Releases: EnflameTechnology/vllm-gcu

v0.11.0

12 May 02:41

Choose a tag to compare

🚀 Release Summary

This release delivers a broad set of vLLM-GCU enhancements across model enablement, DeepSeek 3.2 optimization, distributed inference, GCU custom operators, KV-cache transfer, FP8/INT8 inference paths, async scheduling, and stability fixes. It also includes updated model documentation and build improvements for GCU Docker-based source compilation.


✨ Highlights

  • Added GCU Docker source compilation support.
  • Added or improved support for multiple model families, including Qwen2.5-VL, Qwen3-VL, Qwen3-Next, Qwen3 dense models, Libra, DeepSeek 3.2, DeepSeek-OCR, Hunyuan-OCR, Hunyuan A13B, MiMo-V2-Flash, MiniCPM-V, Paddle-VL, Step3-VL, GLM-4.5-Air, and Tongyi-DeepResearch.
  • Introduced major DeepSeek 3.2 runtime optimizations, including async scheduling, MTP support, DBO adaptation, FlashMLA enhancements, DS fusion improvements, indexer optimizations, and FP8 KV support.
  • Added first-token reuse and layer-wise KV cache transfer infrastructure.
  • Added new GCU custom operators and native op support for vLLM-GCU.
  • Improved INT8 KV, FP8 linear/MoE, W8A8 INT8 MoE, Split-Q, and fused MoE support.
  • Fixed multiple runtime correctness issues around MRoPE, rotary embedding, LoRA with graph mode, async + MTP, DP/SP/TP behavior, dtype mismatch, and model-specific inference paths.

🎁 Features

Build and Packaging

  • Added source code compilation support with GCU Docker.
  • Updated FlashAttention release rules for GCU release packaging.
  • Improved coverage build and package uninstall handling in Dolphin-based workflows.
  • Avoided unnecessary topsfactor and tops-sdk installation during tests to streamline release/test environments.

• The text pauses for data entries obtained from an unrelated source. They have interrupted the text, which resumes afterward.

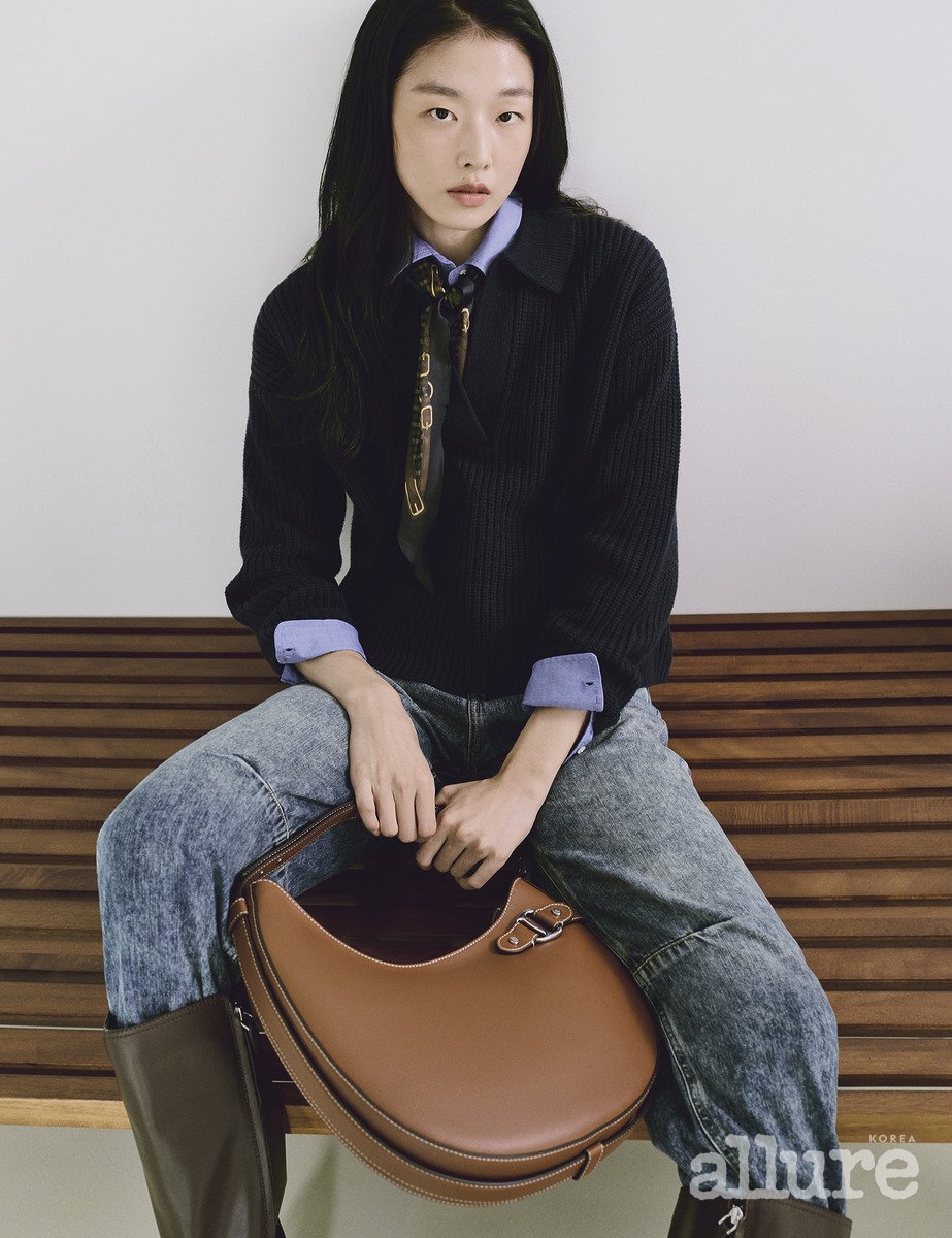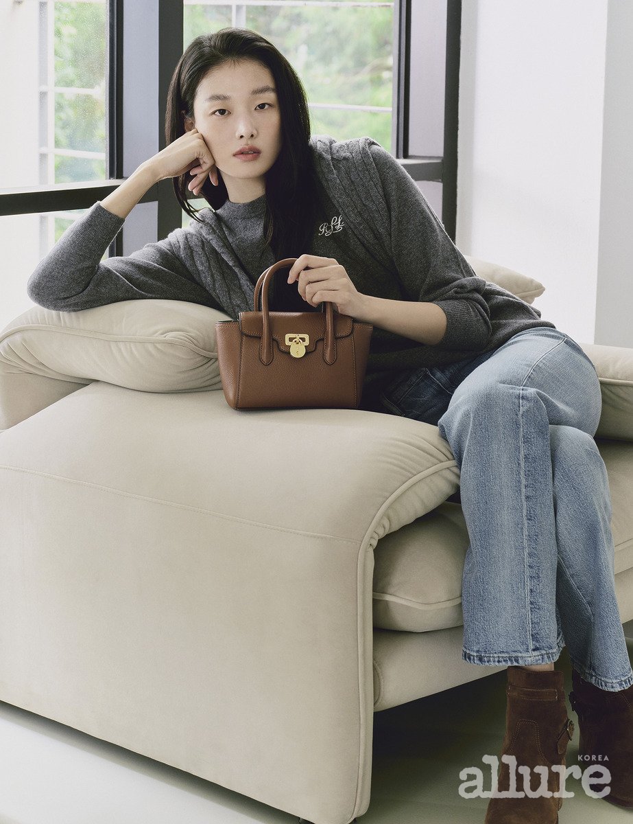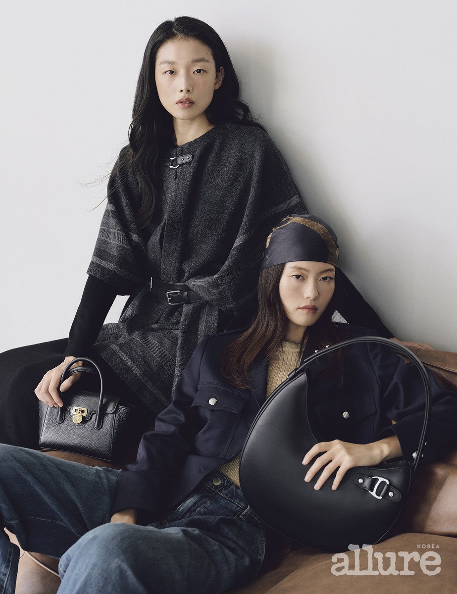 아라가 입은 울 크루넥 스웨터 드레스와 버클 트림 벨트 모티프 자카드 루아나, 레더 더블 버클 벨트와 페블 레더 스몰 태너 사첼은 모두 로렌 랄프 로렌. 지원이 입은 크롭트 울 블렌드 트윌 재킷, 리브 리넨 블렌드 쇼트 슬리브 스웨터, 하이라이즈 플리츠 와이드 레그 진, 헤어에 활용한 벨트 프린트 실크 스퀘어 스카프와 레더 라지 타샤 숄더백은 모두 로렌 랄프 로렌.
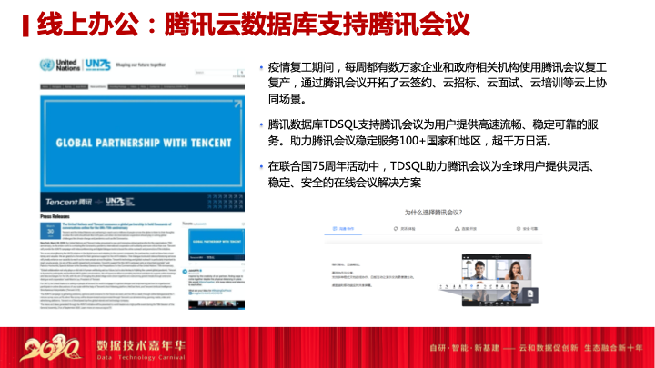 我们看内部第三个系统我们怎么支撑的,腾讯会议可能是今年疫情之后发展非常快的一款会议级的产品,目前应该是国内第一家最快突破一亿级用户的会议系统,现在腾讯会议还不是腾讯名品堂的产品,我相信可能只是一个时间的问题,应该也会是腾讯名品堂第一个最快成为名品堂产品的to B产品。腾讯会议在疫情之后,每周都有数万家企业跟政府相关机构在使用腾讯会议复工复产,通过腾讯会议进行云签约、云招标、云面试、云培训,我相信可能我们在座的朋友可能在日常办公中也在用腾讯会议开会和沟通。目前腾讯云数据库也在支持腾讯会议,为整个会议的高速流畅、稳定可靠提供服务。会议系统的登录信息、认证信息、支付信息,包括所有合规信息,全部都存在腾讯云的系统之上,我们的团队也在支撑腾讯会议目前所有线下的突破。
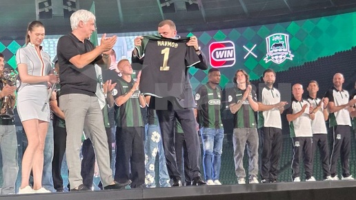 Именную футболку получил Евгений Наумов во время презентация сезона ФК «Краснодар»
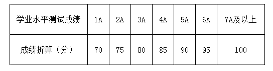 综合评价成绩=“学业水平测试(高中会考)成绩(折算成满分100分)×20%+综合测试成绩(折算成满分100分)×30%+高考总分(折算成满分100分)×50%”计算形成。其中学业水平测试(高中会考)成绩换算表如下:

Model Support and Enablement

  • Added MRoPE support for Qwen2.5-VL and Libra.
  • Added Paddle-VL support for vLLM 0.11.0.
  • Added support for MiMo-V2-Flash.
  • Added Step3-VL support on vLLM 0.11.0 Libra.
  • Added Step3-VL model integration.
  • Added Qwen3-VL inference performance optimization.
  • Added Qwen2.5-VL performance improvements.
  • Added DeepSeek 3.2 MTP support.
  • Added DeepSeek 3.2 support for mtp > 1.
  • Added DeepSeek 3.2 support for dp2tp4sp4ep8.
  • Added DeepSeek 3.2 async scheduler support.
  • Added DeepSeek 3.2 MTP disablement path for EPLB.
  • Added DS-V3.2 chat-template support.
  • Added Hunyuan-OCR support in vLLM 0.11.0.
  • Added DS-OCR2 support in vLLM 0.11.0.
  • Added reasoning parser support.
  • Added repetition penalties operator support for S60.
  • Added repetition penalties operator support in application runtime.

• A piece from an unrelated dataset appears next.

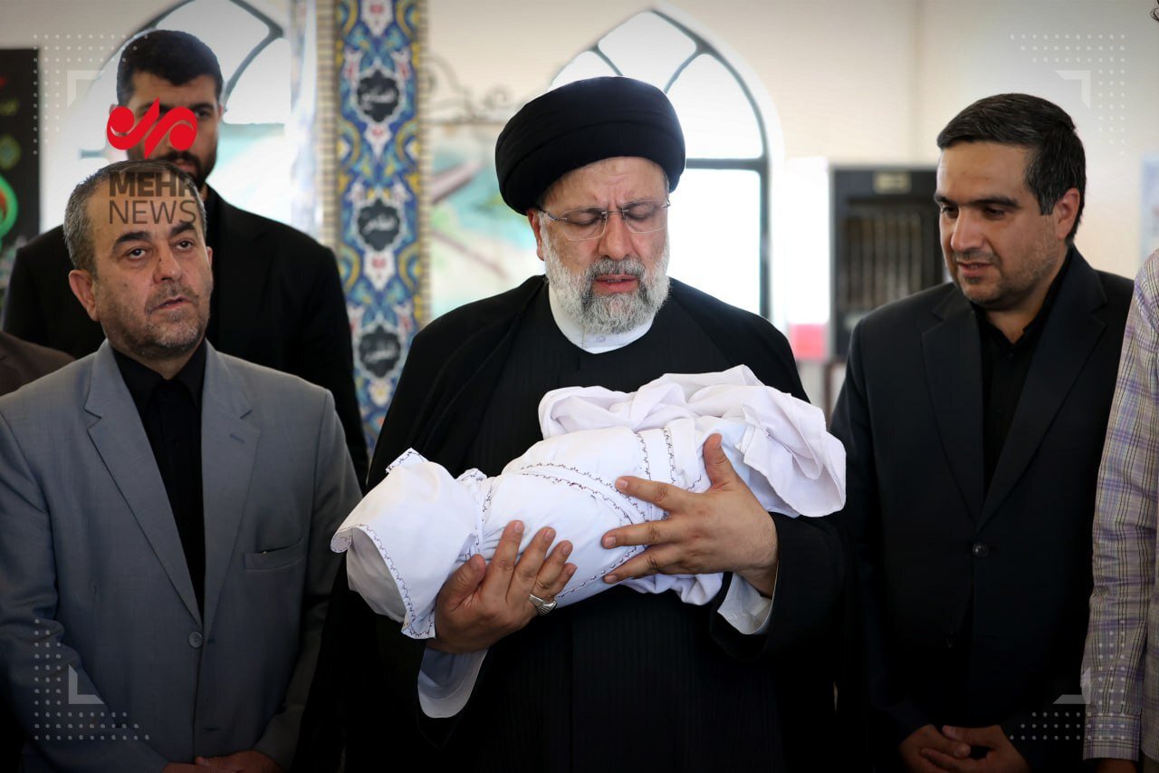 مهر نوشت: رئیس جمهور با حضور در جمع مردم در مزار باقریه بیرجند، در گوش نوزاد بیرجندی اذان را قرائت کرد
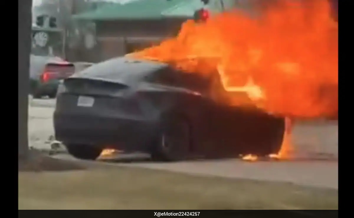 A video, filmed by a bystander from a distance, showed a black Tesla engulfed in flames, with thick black smoke billowing from the vehicle as it burned on the roadway.

GCU Runtime and Operator Enhancements

  • Added Torch native custom op support in vLLM-GCU.
  • Added custom op support in the native op module.
  • Added convert_req_index_to_global_index operator.
  • Added cp_gather_indexer_k_quant_cache operator for DeepSeek V3.2.
  • Added topk_per_row operators for DeepSeek V3.2.
  • Enabled normalized parameter support for topk_softmax.
  • Added topsvllmMRotaryEmbedding operator for interleaved RoPE.
  • Added new attention backend for INT8 KV on Scorpio.
  • Added W8A8 INT8 MoE inference support.
  • Added FusedMoE bias support.
  • Added swigluoai_and_mul.
  • Added FP8-per-tensor support for linear and MoE layers.
  • Added Split-Q support for D in DeepSeek 3.2.
  • Added token bin count return support.

DeepSeek 3.2 Optimization

  • Added DeepSeek V3.2 optimization series.
  • Added DS3.2 operator elimination.
  • Added DS3.2 per-tensor KV FP8 support.
  • Added DS3.2 indexer module using inplace rotary embedding.
  • Added DS3.2 preprocessing for indexer.weights_proj.
  • Added DS3.2 rope_with_kvcache support.
  • Added DS3.2 TopSTX device annotation support.
  • Added DS3.2 MQA logits threshold support.
  • Added DS3.2 top-k threshold support.
  • Added FlashMLA threshold support.
  • Added FlashMLA sparse and mixed runtime improvements.
  • Added DeepEP / DeepGEMM integration into vLLM.
  • Added DeepEP HT chunk support.
  • Added MQA logits cleanup behavior.
  • Added DCP support for MLA.

Distributed and Parallel Inference

  • Added support for P tensor_parallel_size > D tensor_parallel_size.
  • Added DecodeBenchConnector.
  • Enabled layer-wise KV cache transfer using the NIXL backend.
  • Added first-token reuse for layer-wise KV cache transfer.
  • Moved proxy code into the vLLM-GCU repository.
  • Upgraded toy_proxy_server.py to an enhanced version.
  • Added toy_proxy_server.py from vLLM 0.11.0.
  • Added DBO adaptation.
  • Added DBO graph compatibility improvements.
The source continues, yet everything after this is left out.